▸ Exercise: Only the lines from the line that contains "ΦΑΡΜΑΚΕΙΑ 29 Νοεμβρίου, 2025" through the final line of the entries below belong in your answer, copied exactly and without pictures.

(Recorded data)
= Beginning of Section =

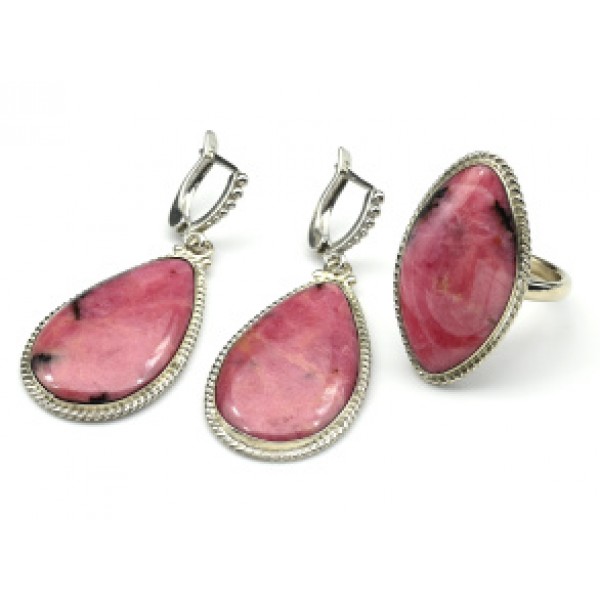 Кольцо и серьги с родонитом
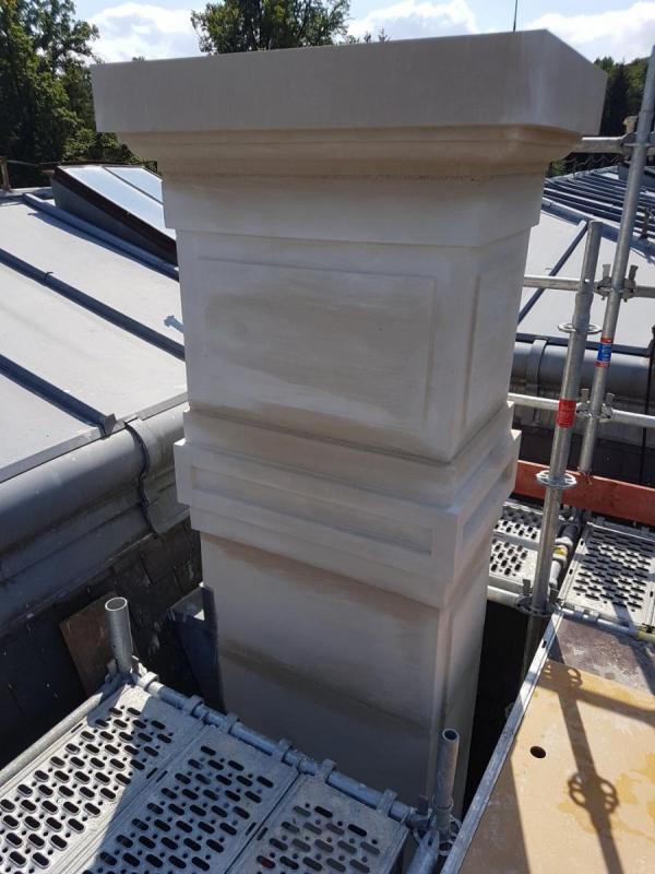 Restauration à neuf et à l'identique d'une souche de cheminée sur toitures du château de Louvemont.
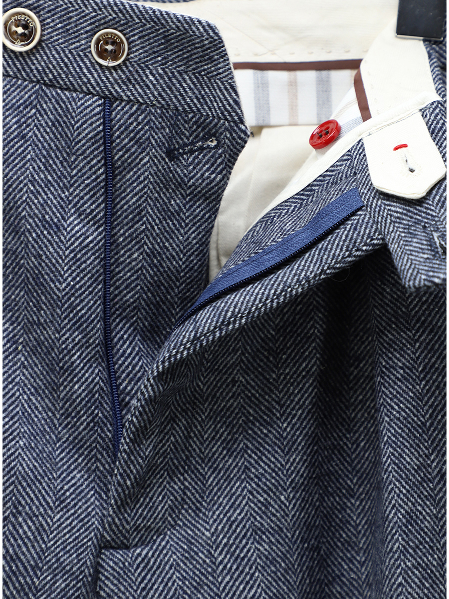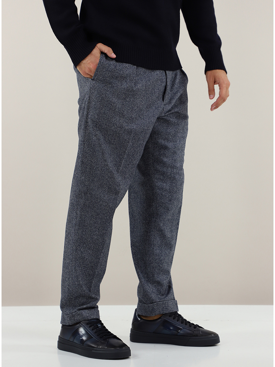 : Turn-up on the bottom, Waist pinces, Pattern, Zip
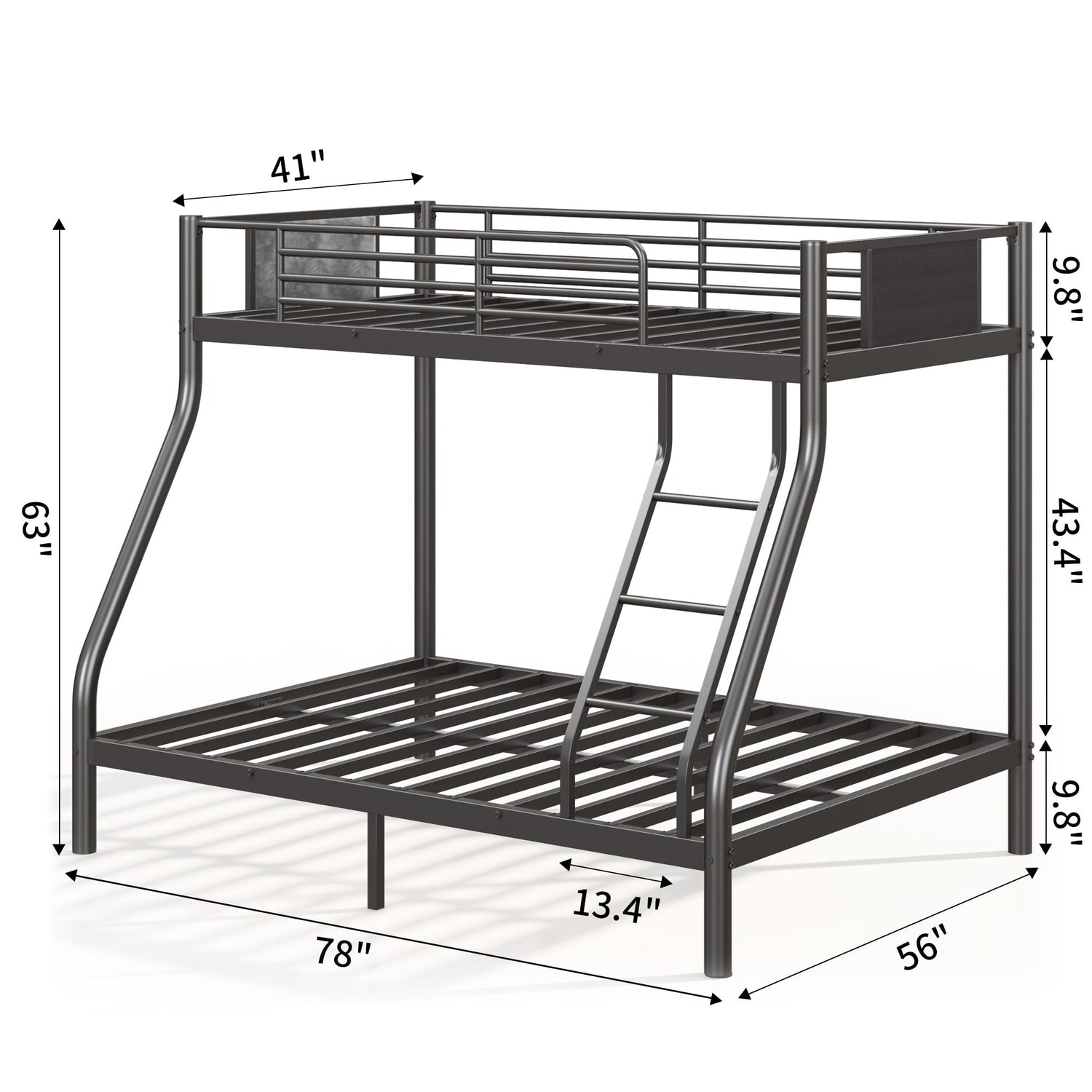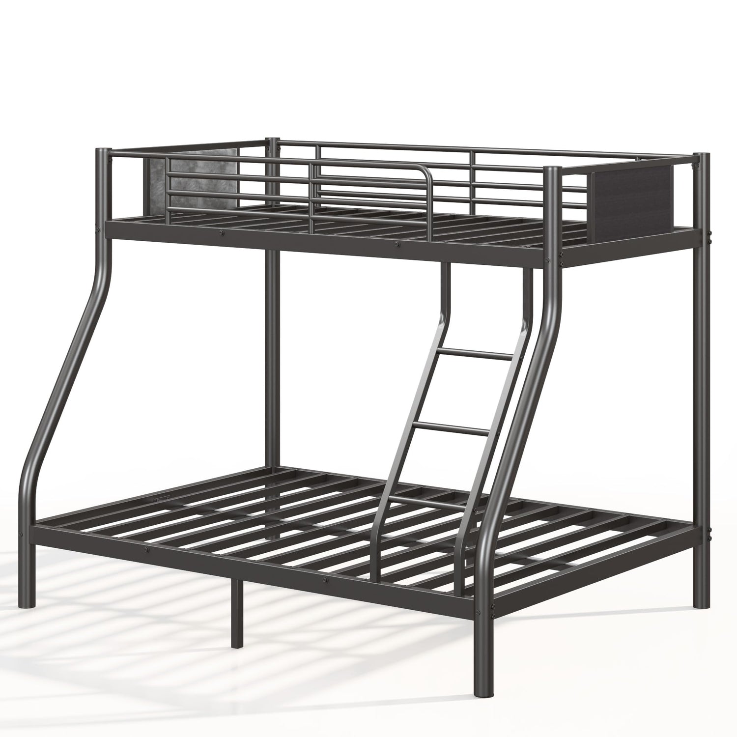 SogesSleep Bunk Beds Twin Over Full Size, Heavy Duty Metal Bunk Bed Frame with Flannel Board for Teens and Adults, for Spaces-Saving, Smooth Rounded Edges, Noise Free & Easy Assembly, Black
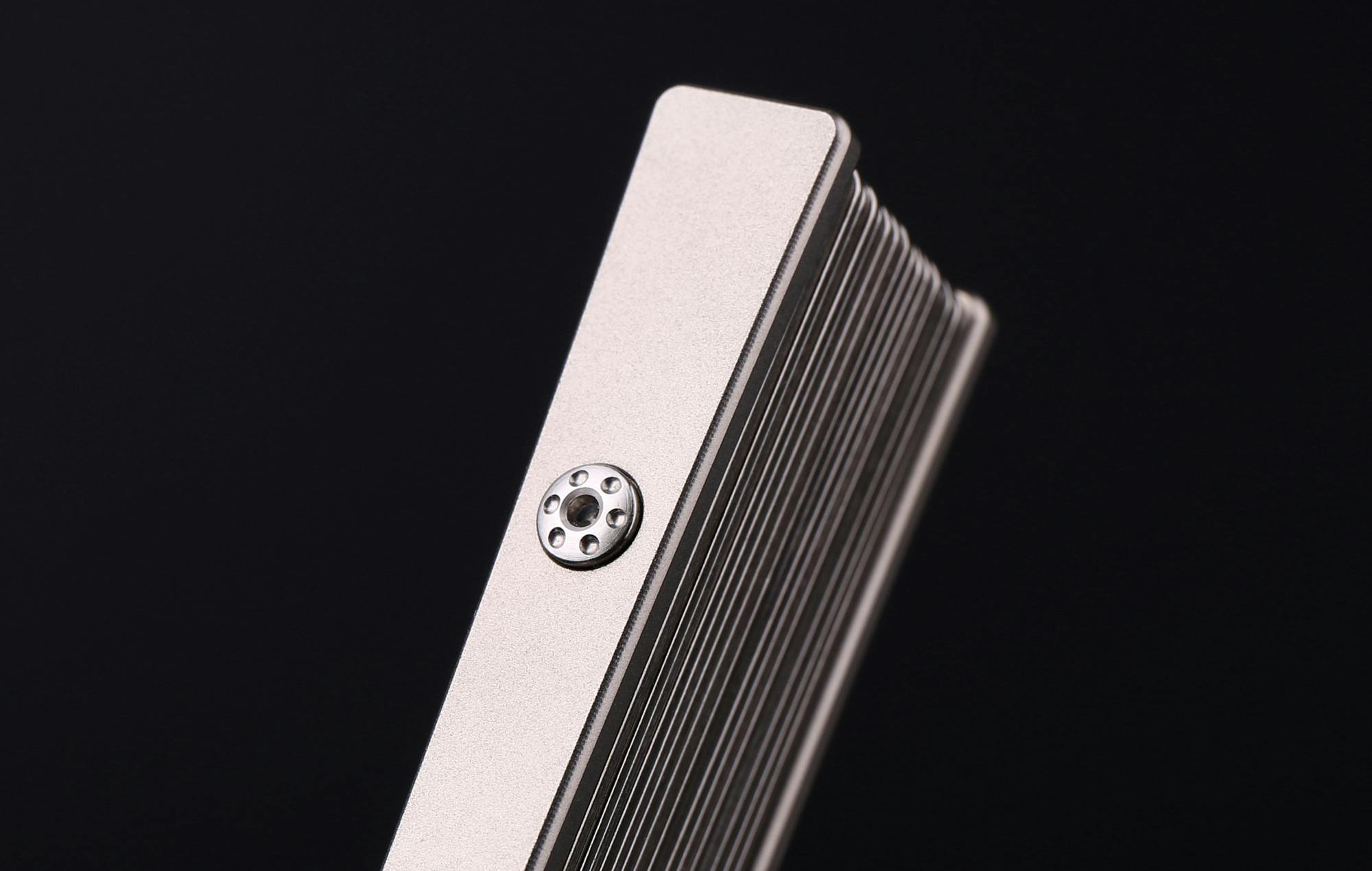 TTi-918はグレード5のチタンより鋳造した扇子で、強度・耐食性などが特徴。扇子の枠組みだけでなく、要の部分など細かいパーツにも惜しみなくチタン素材を投入することで、質感高く、高級感のあるプレミアムな製品に仕上げています。
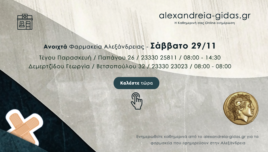 ΦΑΡΜΑΚΕΙΑ 29 Νοεμβρίου, 2025 posted by admin Share Ποια φαρμακεία είναι ανοιχτά σήμερα Σάββατο στην Αλεξάνδρεια 🔊 Ακούστε το άρθρο κάνοντας κλικ Αλεξάνδρεια: (κλικ στην εικόνα παρακάτω για να καλέσετε απευθείας το φαρμακείο) Αφήστε μια απάντηση Ακύρωση απάντησηςΗ ηλ. διεύθυνση σας δεν δημοσιεύεται. Τα υποχρεωτικά πεδία σημειώνονται με *Σχόλιο * Όνομα Email Ιστότοπος Αποθήκευσε το όνομά μου, email, και τον ιστότοπο μου σε αυτόν τον πλοηγό για την επόμενη φορά που θα σχολιάσω.
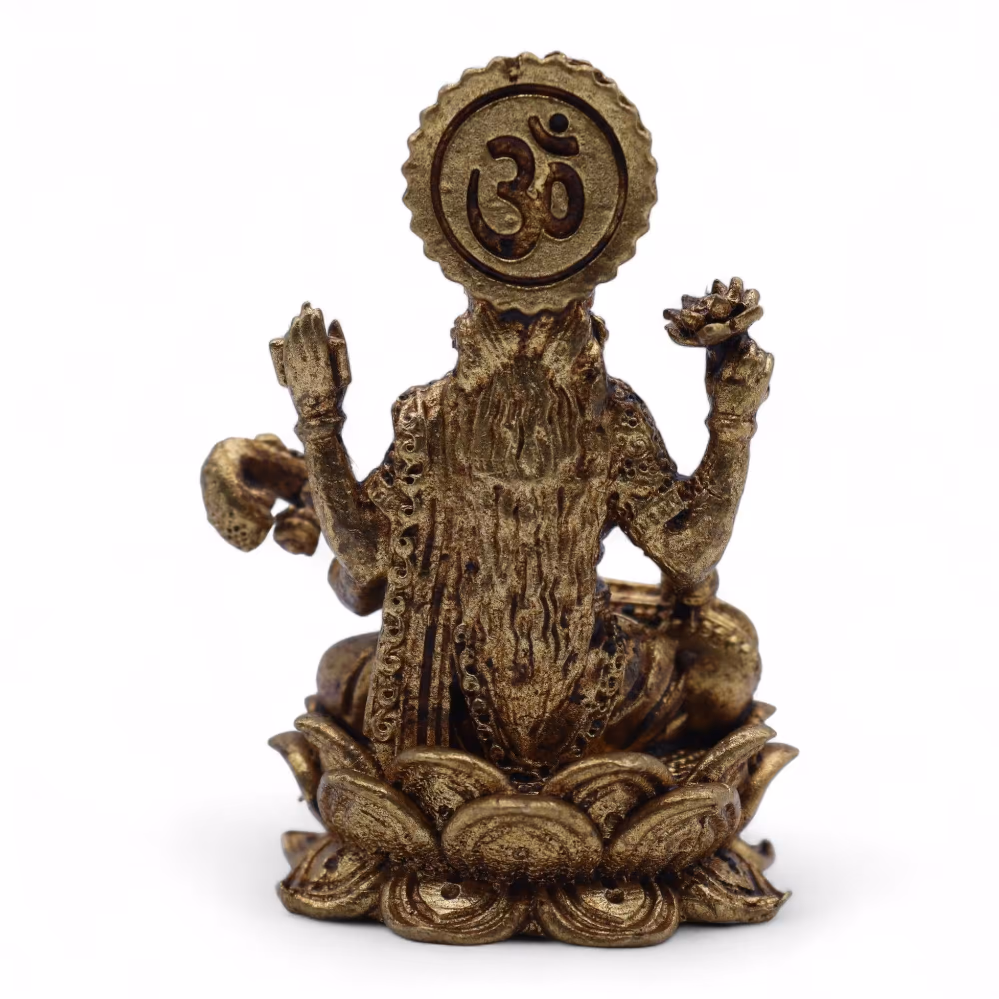 This handcrafted brass miniature depicts Goddess Saraswati, the Hindu deity of wisdom, musicand learning. Seated gracefully on a lotus pedestal, she holds her signature veena, symbolising knowledge and creativity.
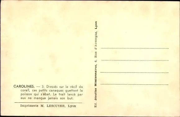 Ak Karolineninseln, Fischer mit Speer, Strand
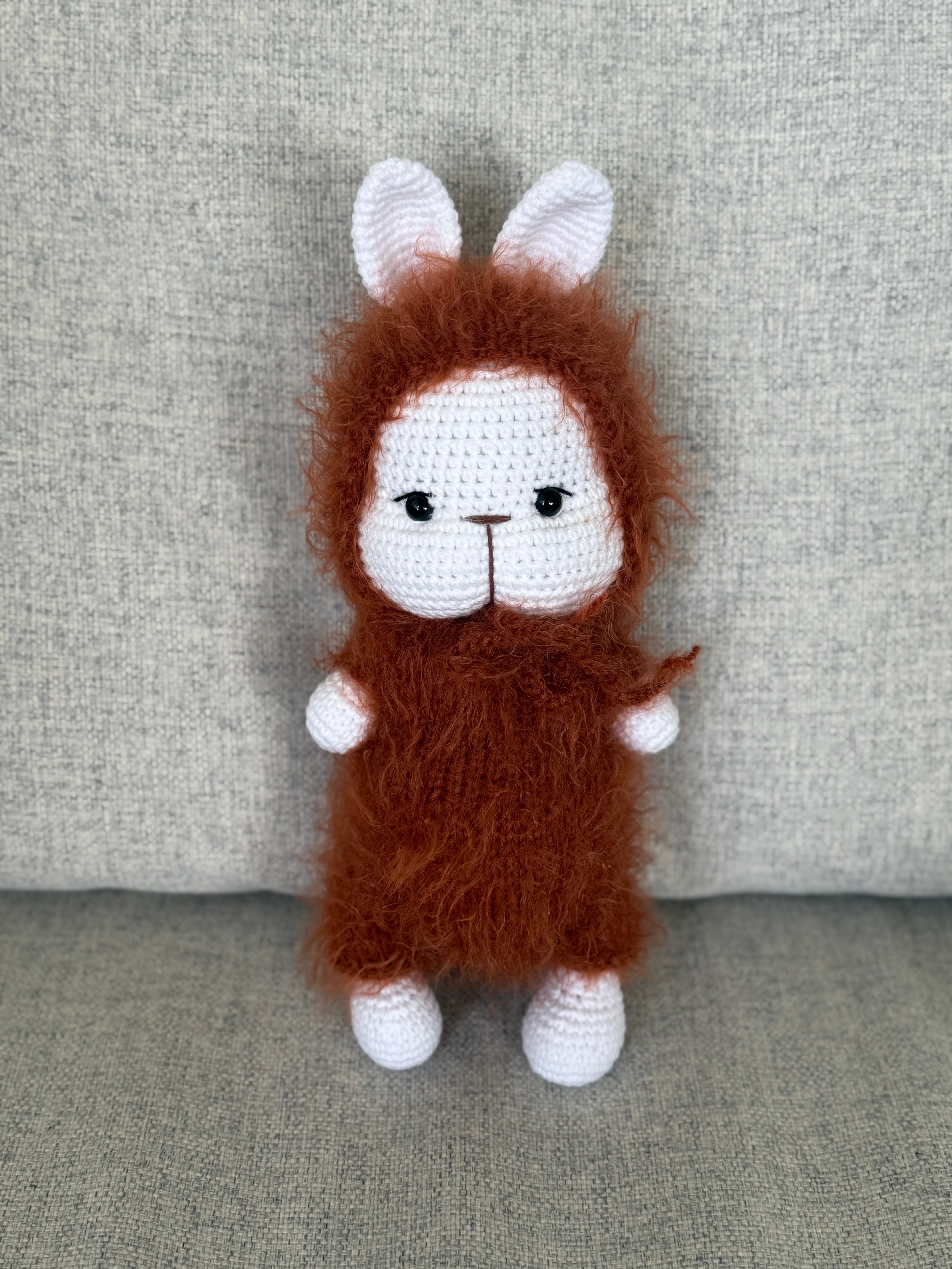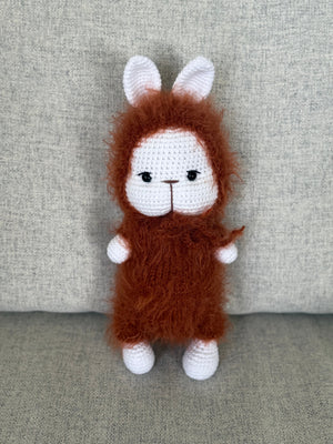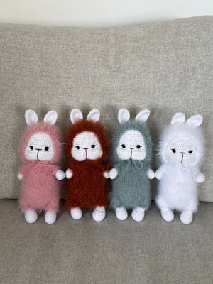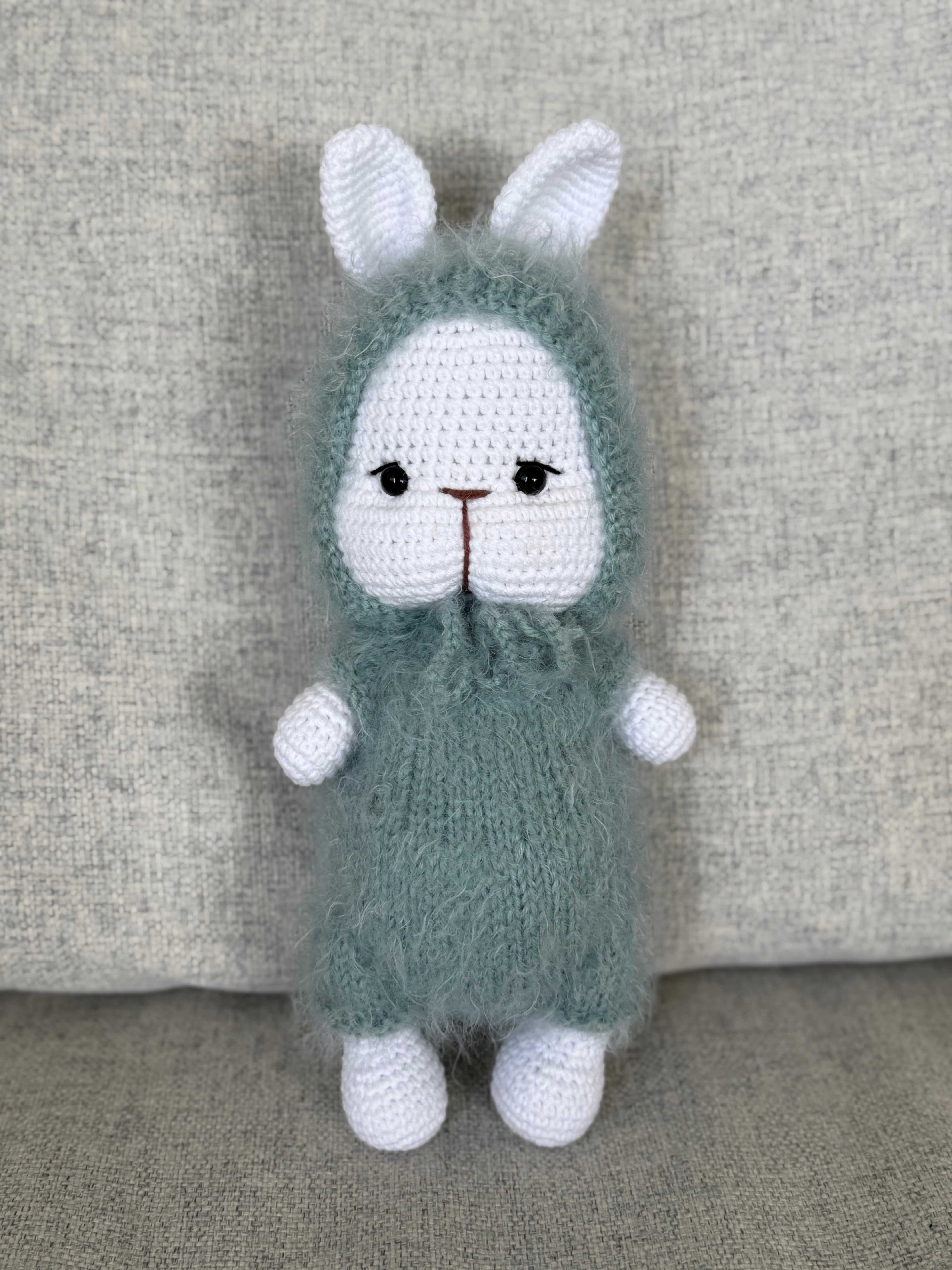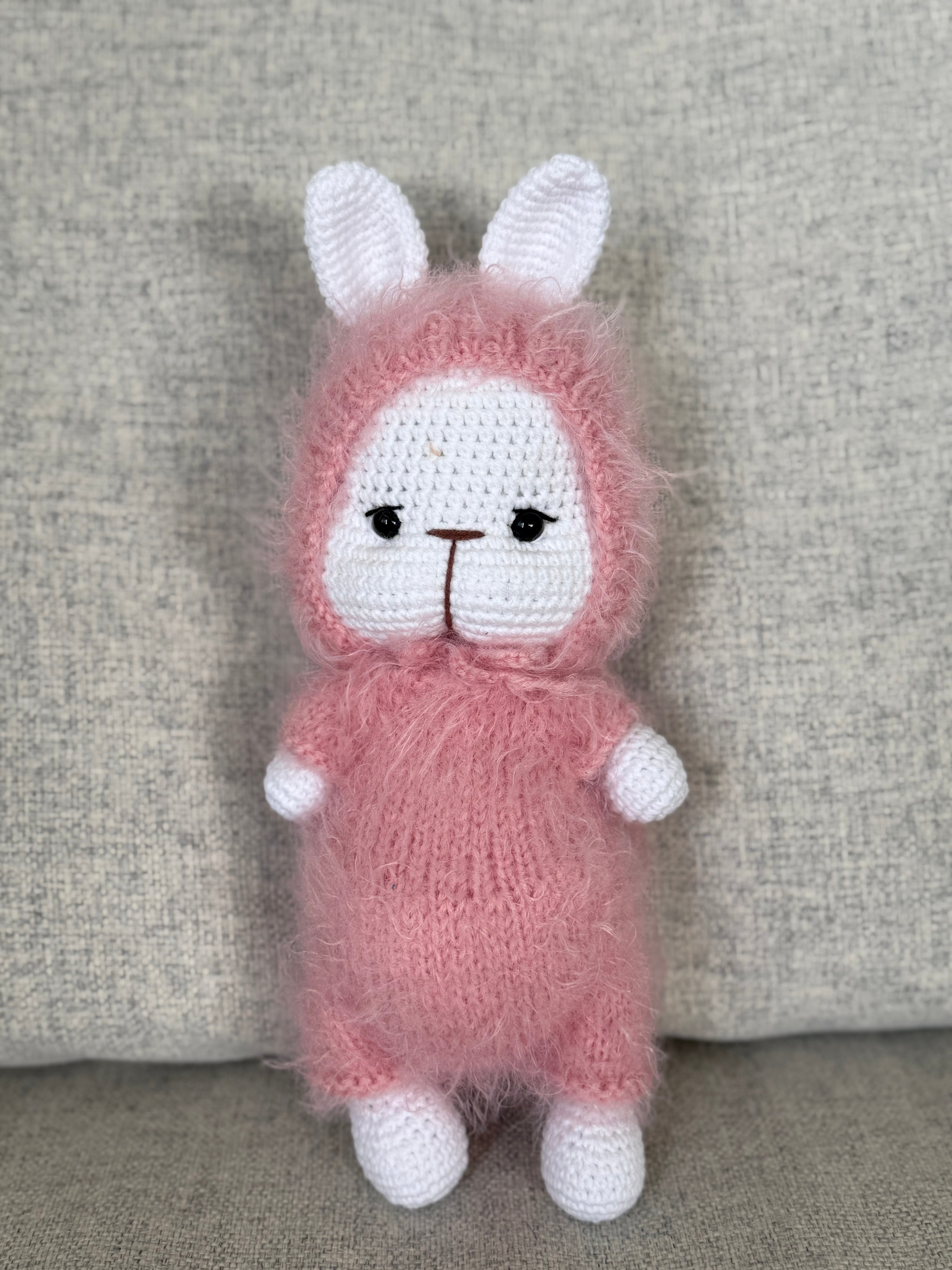 This adorable handmade crochet bunny is a perfect gift for all ages! Made with love and attention to detail, this bunny is sure to become a beloved companion for anyone who receives it. Its soft and cuddly design makes it a wonderful addition to any collection or the perfect playtime companion. Bring joy and comfort to someone's life with this adorable crochet bunny.

= End of Section =

▸ Task output:
 ΦΑΡΜΑΚΕΙΑ 29 Νοεμβρίου, 2025 posted by admin Share Ποια φαρμακεία είναι ανοιχτά σήμερα Σάββατο στην Αλεξάνδρεια 🔊 Ακούστε το άρθρο κάνοντας κλικ Αλεξάνδρεια: (κλικ στην εικόνα παρακάτω για να καλέσετε απευθείας το φαρμακείο) Αφήστε μια απάντηση Ακύρωση απάντησηςΗ ηλ. διεύθυνση σας δεν δημοσιεύεται. Τα υποχρεωτικά πεδία σημειώνονται με *Σχόλιο * Όνομα Email Ιστότοπος Αποθήκευσε το όνομά μου, email, και τον ιστότοπο μου σε αυτόν τον πλοηγό για την επόμενη φορά που θα σχολιάσω.
 This handcrafted brass miniature depicts Goddess Saraswati, the Hindu deity of wisdom, musicand learning. Seated gracefully on a lotus pedestal, she holds her signature veena, symbolising knowledge and creativity.
 Ak Karolineninseln, Fischer mit Speer, Strand
 This adorable handmade crochet bunny is a perfect gift for all ages! Made with love and attention to detail, this bunny is sure to become a beloved companion for anyone who receives it. Its soft and cuddly design makes it a wonderful addition to any collection or the perfect playtime companion. Bring joy and comfort to someone's life with this adorable crochet bunny.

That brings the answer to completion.